Longdistance Wed 01-May-13 01:53:51

Wasn't there some study in the US, where they showed prisoners two people walking on along a street. One had their head down, hunched, no eye contact, the other person had their head held up high, good posture, looking aware, and something like 95% of them chose the first subject that was hunched with their head down as the person they would attack/ mug.
But this is a study on people they don't know, that are walking along the street, no friends/ relatives.
Just found that quite interesting.

GoblinGranny Wed 01-May-13 04:20:39

'I have no issue with saying that walking confidently, with purpose, without earphones, not on your phone, makes you a less attractive target for an opportunist violent criminal (of any type, mugging, sexual, etc). '

I have a boy and a girl, I taught both of them that as I believe it to be true. However, if they are attacked, no blame or responsibility attaches to them, they were victimised because of a predator who targeted them. The fault lies entirely with the attacker.

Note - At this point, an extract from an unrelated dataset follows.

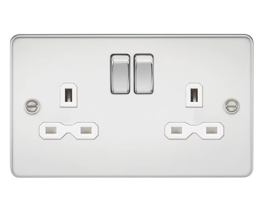 Schneider Electric Lisse Deco 13A 1-Gang SP Switched Plug Socket Polished Chrome With Black Inserts

GoblinGranny Wed 01-May-13 04:25:53

'Surely it is up to society and police to look out for vulnerable people to a certain extent?'

When that becomes an expectation for everyone, that we all look out and care for everyone we come into contact with, then we will have Utopia.

AmandaPayneAteTooMuchChocolate Wed 01-May-13 09:58:56

Totally agree Goblin. And yes, I inrended it to mean for both sexes. smile

NiceTabard Wed 01-May-13 09:59:19

At the moment, sadly, it isn't even happening for many vulnerable people.

wol1968 Wed 01-May-13 13:43:45

Maybe we should lock up all the men after dark. wink

DuelingFanjo Wed 01-May-13 20:16:35

Good idea, they obviously can't be trusted.